■ Provided records ■
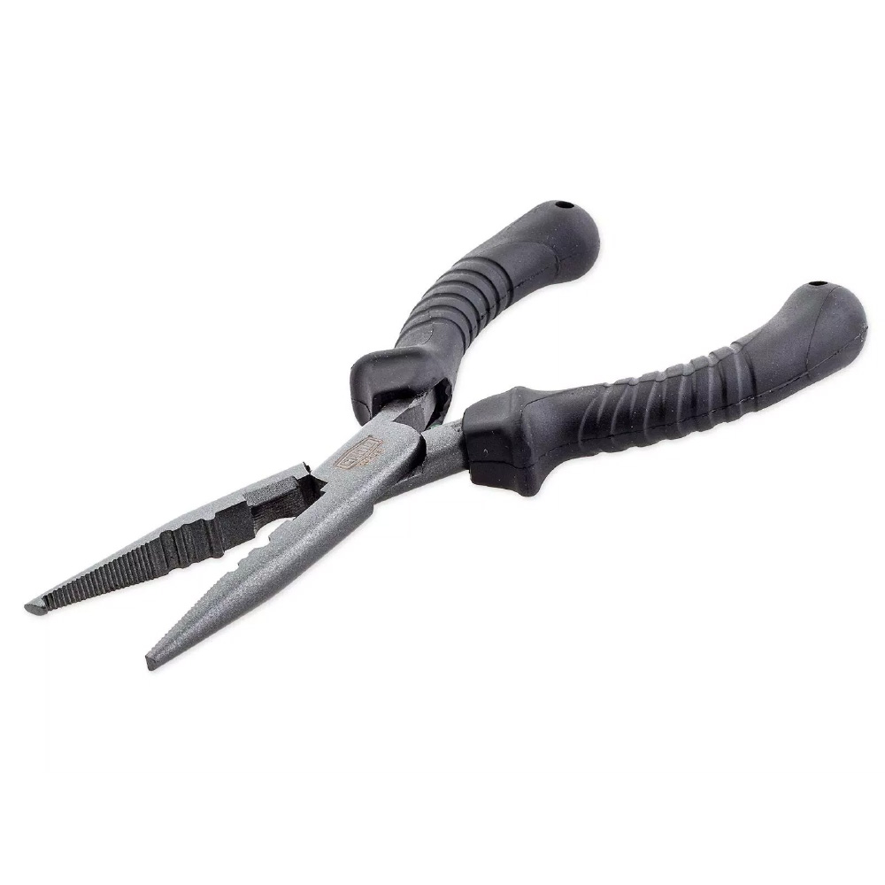 Wer hat sich beim Hakenwechsel nicht schon mal einen Fingernagel am Sprengring eingerissen oder beim Abrutschen eine Hakenspitze ins Fleisch gerammt? Mit der CAMO Lures Sprengringzange CT-200 lassen sich auch große Sprengringe spielend leicht aufdrücken und sicher packen - ganz ohne Verletzungsgefahr! Praktische Zusatzfunktionen wie eine Schneidfläche, Quetschmulden für Klemmhülsen sowie Kerben zum Geradebiegen von Wobblerösen runden die Zange ab. Das stabile Werkzeug wird aus Carbon-Stahl gefertigt und verfügt über einen ergonomisch geformten, rutschsicheren Gummigriff.
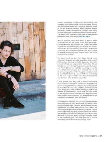 There’s something inexpressibly exhilarating and satisfying about being in a car full of your friends, driving with the windows down, and a long road stretched ahead of you. We all know road trips aren’t complete without the perfect tunes — something to bop your head along to while soaking up the beauty of being young and alive. The perfect band to jam to in these types of unforgettable moments is none other than CHASE ATLANTIC. With all three on vocals and guitar, as well as some individual flair on the drums, bass, and saxophone, Christian Anthony, Mitchel Cave, and Clinton Cave make for quite the talented trio. And yes, Mitchel and Clinton are brothers. The two said they both share a very similar mind frame when it comes to making music which makes for an easy process, although they do admit, “we annoy each other all the time!” The boys stated that they have been making music collectively for a few years, but around the beginning of 2014 decided that they wanted to become a band with a more defined and unique style. This is how ‘Chase Atlantic’ was born. Being an Australian band in the Indian and Pacific Ocean, you might be wondering where the name Chase Atlantic came from. In short, there is no direct meaning behind it. “We thought it would be better to associate the music to a name which had no meaning so that when people heard the name they would associate it to the music only.” Definitely a cool idea. Chase Atlantic says they have “a massive amount of musical influence taken from a vast multitude of different genres and styles of music.” They are especially inspired by music from the 60’s, 70’s, and 80’s, and “live to build upon those ideas with modern techniques and sound choices.” A big name they’d love to work with in the future is The Neighbourhood, solely because they appreciate their “forward thinking sound” and demonstrate all the elements Chase Atlantic loves about music. In songwriting, melodies and lyrics are sometimes like the chicken and the egg— which came first? Being a very production based band, Christian, Mitchel, and Clinton like to build their songs from the bottom up. They create a full instrumental before adding vocals for the top line. There’s nothing like music with a rad beat and lyrics that are real and relatable, and this combination is exactly what Chase Atlantic likes to put out. Nearly all of their songs are based on real life experiences. Their song “Roxanne” is actually about a girl named Roxanne that the boys knew.
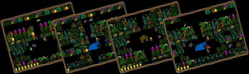 Alone in the jungle, you must find the four parts of the amulet to allow passage past the gatekeeper and escape.
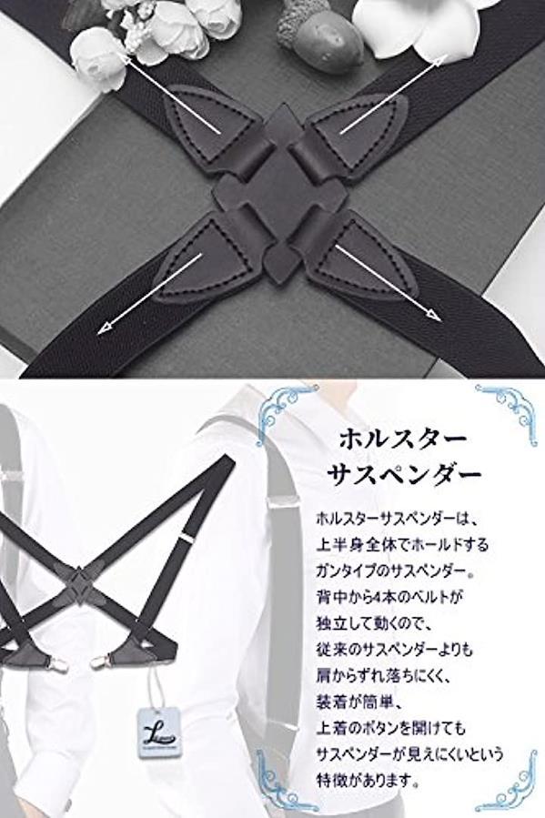 背中を起点にした4つのベルトが独立して動く、ホルスタ ー型サスペンダー。
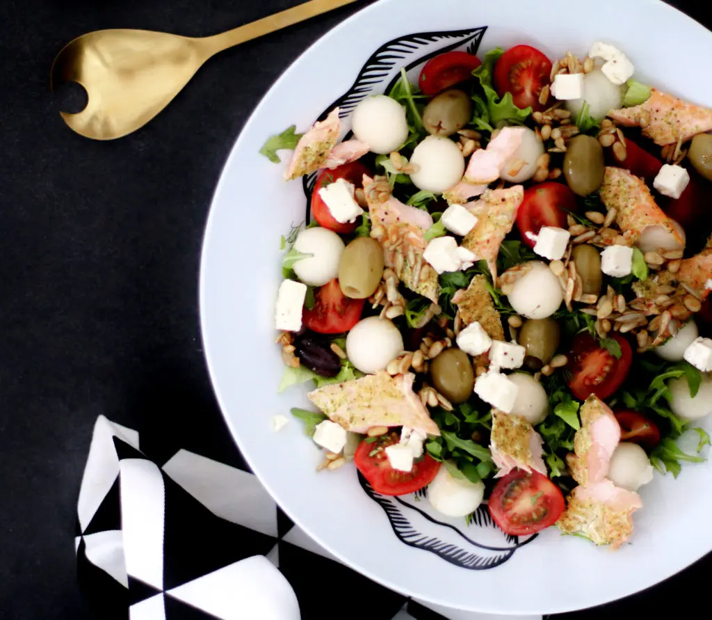 Salatið er pakkað af Omega-3 fitusýrum og annari hollri fitu. Þar mætist sæta á móti söltu, en sæt melónan og sólblómafræin eru fullkomið mótvægi við saltar ólífurnar, fetaostinn og fiskinn. Þið bara verðið að prófa….

■ Exercise requirements ■
The answer must be an exact copy of the lines from the one with "Alone in the" through the final line above, both ends included, and nothing else; pictures stay out.

■ Answer for this exercise ■
 Alone in the jungle, you must find the four parts of the amulet to allow passage past the gatekeeper and escape.
 背中を起点にした4つのベルトが独立して動く、ホルスタ ー型サスペンダー。
 Salatið er pakkað af Omega-3 fitusýrum og annari hollri fitu. Þar mætist sæta á móti söltu, en sæt melónan og sólblómafræin eru fullkomið mótvægi við saltar ólífurnar, fetaostinn og fiskinn. Þið bara verðið að prófa….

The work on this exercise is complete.